In [2]:
import pandas as pd
train_data = pd.read_csv('train.csv')
test_data = pd.read_csv('test.csv')

print('train all:', train_data.shape)
print('test all:', test_data.shape)

train all: (1460, 81)
test all: (1459, 80)


In [3]:
print(train_data.columns)

Index(['Id', 'MSSubClass', 'MSZoning', 'LotFrontage', 'LotArea', 'Street',
       'Alley', 'LotShape', 'LandContour', 'Utilities', 'LotConfig',
       'LandSlope', 'Neighborhood', 'Condition1', 'Condition2', 'BldgType',
       'HouseStyle', 'OverallQual', 'OverallCond', 'YearBuilt', 'YearRemodAdd',
       'RoofStyle', 'RoofMatl', 'Exterior1st', 'Exterior2nd', 'MasVnrType',
       'MasVnrArea', 'ExterQual', 'ExterCond', 'Foundation', 'BsmtQual',
       'BsmtCond', 'BsmtExposure', 'BsmtFinType1', 'BsmtFinSF1',
       'BsmtFinType2', 'BsmtFinSF2', 'BsmtUnfSF', 'TotalBsmtSF', 'Heating',
       'HeatingQC', 'CentralAir', 'Electrical', '1stFlrSF', '2ndFlrSF',
       'LowQualFinSF', 'GrLivArea', 'BsmtFullBath', 'BsmtHalfBath', 'FullBath',
       'HalfBath', 'BedroomAbvGr', 'KitchenAbvGr', 'KitchenQual',
       'TotRmsAbvGrd', 'Functional', 'Fireplaces', 'FireplaceQu', 'GarageType',
       'GarageYrBlt', 'GarageFinish', 'GarageCars', 'GarageArea', 'GarageQual',
       'GarageCond', 'PavedDrive

In [4]:
#print(train_data.describe)

In [5]:
missing_over_20 = []
for i in range(train_data.shape[1]):
    col_name = train_data.columns[i]
    num = train_data[col_name].count()
    rate = num/train_data.shape[0]*100  # 统计非空的数据所占比例
    if rate < 80:
        missing_over_20.append(col_name)
        print(col_name, rate, '%')  # 输出缺失数据大于20%的列名

Alley 6.232876712328768 %
FireplaceQu 52.73972602739726 %
PoolQC 0.4794520547945206 %
Fence 19.246575342465754 %
MiscFeature 3.6986301369863015 %


In [6]:
# 在原始数据上删除缺失的列
train_data.drop(missing_over_20, axis=1, inplace=True)
test_data.drop(missing_over_20, axis=1, inplace=True)

In [7]:
print(train_data.shape)

(1460, 76)


In [9]:
y = train_data.SalePrice
train_x = train_data.drop(['SalePrice'], axis=1)
test_x = test_data
print(train_x.shape)
print(test_x.shape)

(1460, 75)
(1459, 75)


In [10]:
# 编码object数据
one_hot_encoded_train_x = pd.get_dummies(train_x)
# 是否会造成测试数据和训练数据对同一数据的编码不同
one_hot_encoded_test_x = pd.get_dummies(test_x)  
# 使训练和测试数据的列名相同
final_train, final_test = one_hot_encoded_train_x.align(
    one_hot_encoded_test_x, join='left', axis=1)  

In [11]:
# 填补数据
from sklearn.preprocessing import Imputer
im = Imputer()
final_train_x = im.fit_transform(final_train)
# transform 后就没有了Id。
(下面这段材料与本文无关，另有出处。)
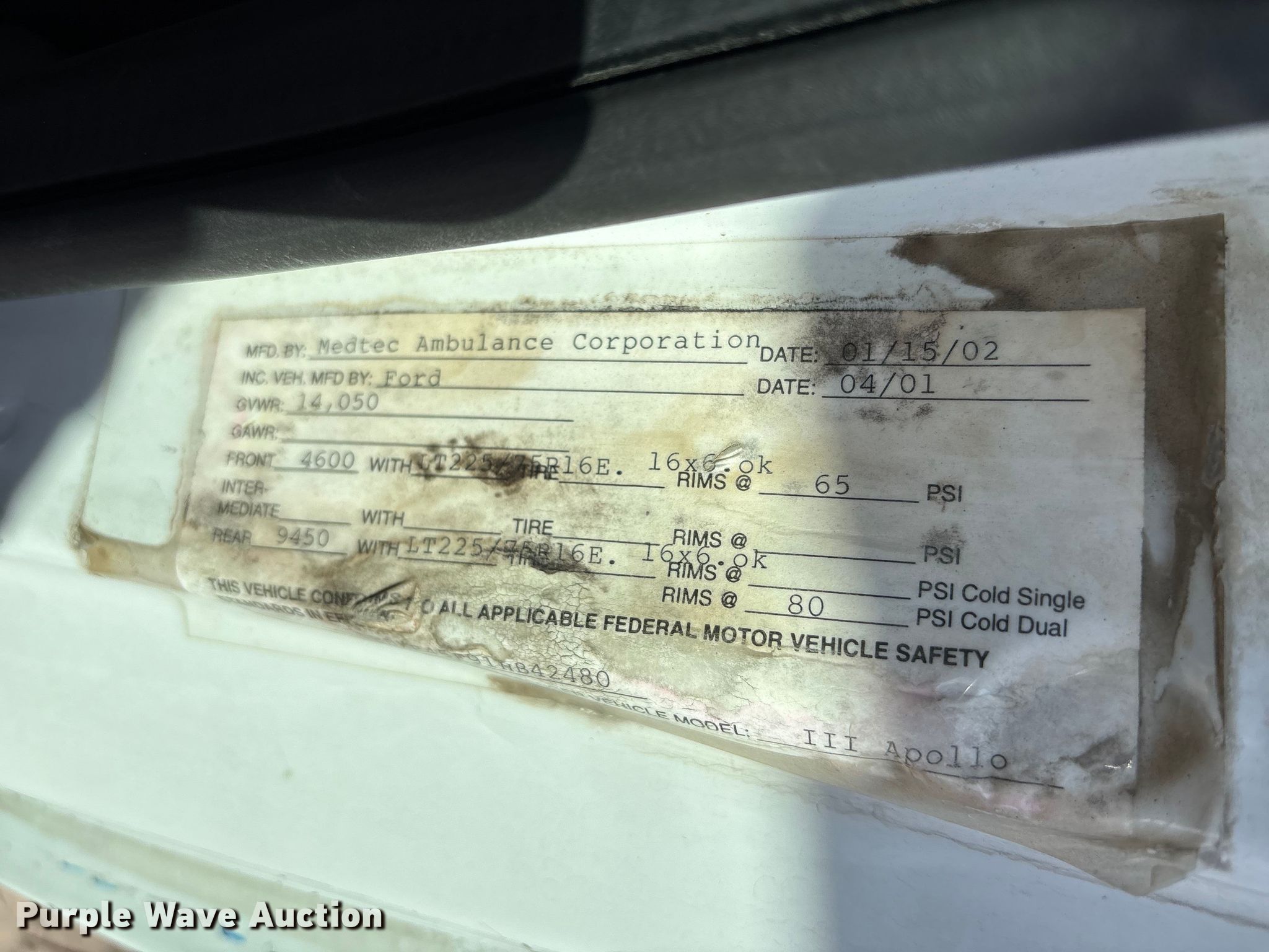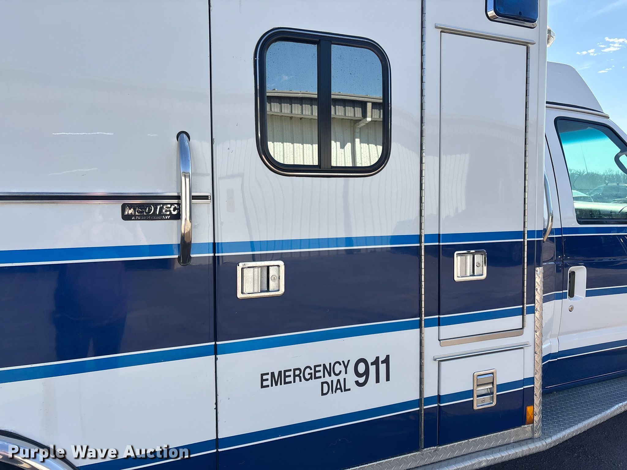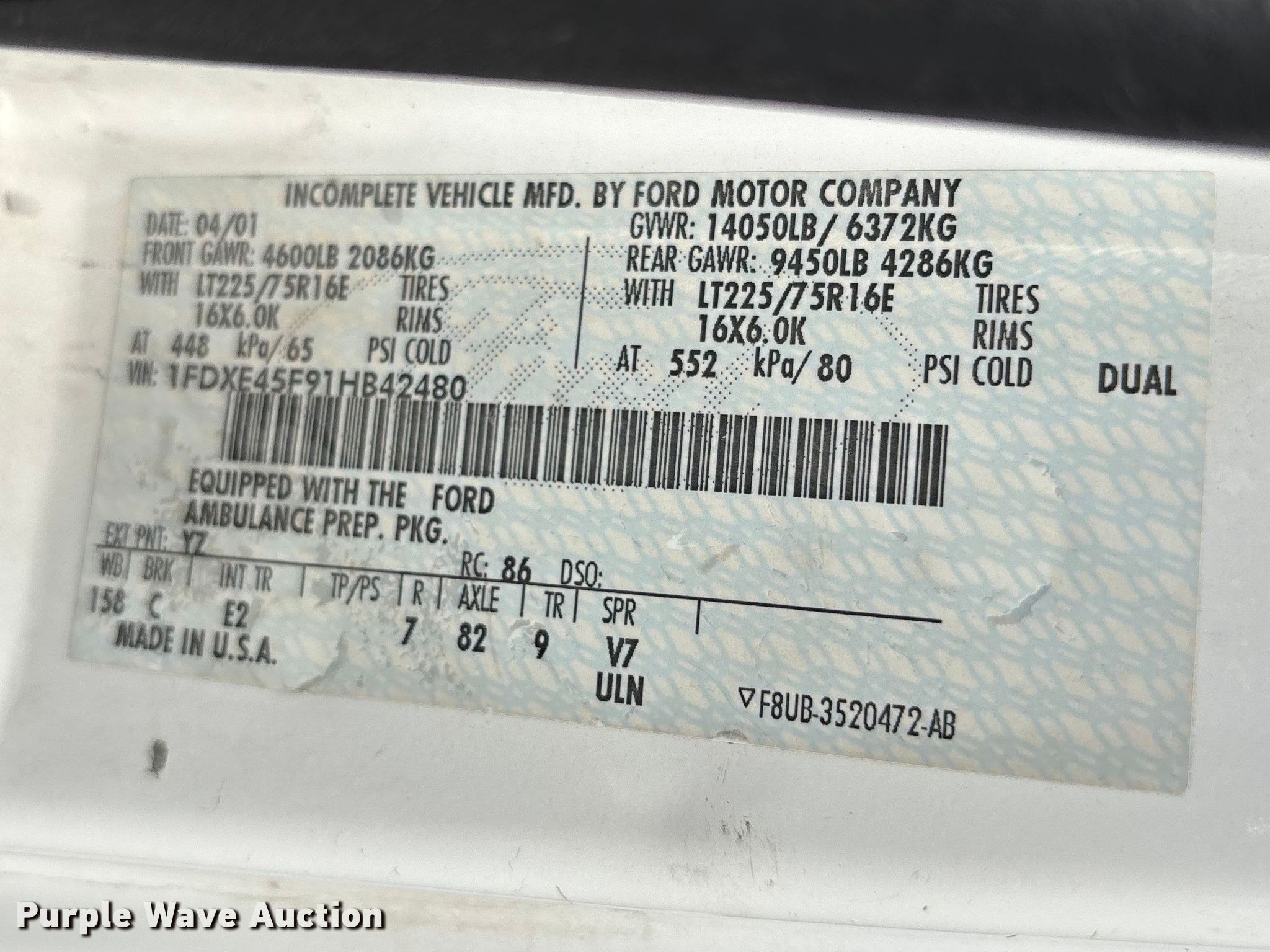 2001 Ford E450 ambulance. Miles: 145,011 on odometer, VIN: 1FDXE45F91HB42480, Unit #: 304. Engine Fuel type: Diesel. Transmission Automatic. Chassis Axles: Single, Suspension: Spring, Brakes: Hydraulic, GVWR: 14,050 lbs, Wheelbase: 156". Interior AC, Heat, Power windows, Power locks, Cruise control. Features Ambulance body Medtec, PA/ siren controls, Oxygen hookups, Backup alarm. Tires Size: 225/75r16, Brand: Hankook. Notes Backup alarm. Kansas title. Title distribution may be delayed up to 14 days from verification of funds. Council Grove, KS 66846

下面是题目要求的预测数据
final_test_x = im.transform(final_test) 

In [12]:
from sklearn.model_selection import train_test_split
train_x_s, test_x_s, train_y_s, test_y_s = \
    train_test_split(final_train_x, y, random_state=0)

In [13]:
from sklearn.ensemble import RandomForestRegressor
rfr = RandomForestRegressor()
rfr.fit(train_x_s, train_y_s)

RandomForestRegressor(bootstrap=True, criterion='mse', max_depth=None,
           max_features='auto', max_leaf_nodes=None,
           min_impurity_decrease=0.0, min_impurity_split=None,
           min_samples_leaf=1, min_samples_split=2,
           min_weight_fraction_leaf=0.0, n_estimators=10, n_jobs=1,
           oob_score=False, random_state=None, verbose=0, warm_start=False)

In [29]:
from sklearn.metrics import mean_squared_log_error
import numpy as np
# kaggle 标准的测量准则 rmsle  先取log，然后取差的平方，然后取平均值，然后开平方
s = 0
predict_y = rfr.predict(test_x_s)
test_y = np.array(test_y_s)
print(np.sqrt(mean_squared_log_error(predict_y,test_y)))

0.14628567521324273


In [15]:
predict_y = rfr.predict(final_test_x)

In [16]:
my_submission = pd.DataFrame({'Id': test_data.Id, 
                              'SalePrice': predict_y})
# you could use any filename. We choose submission here
my_submission.to_csv('submission.csv', index=False)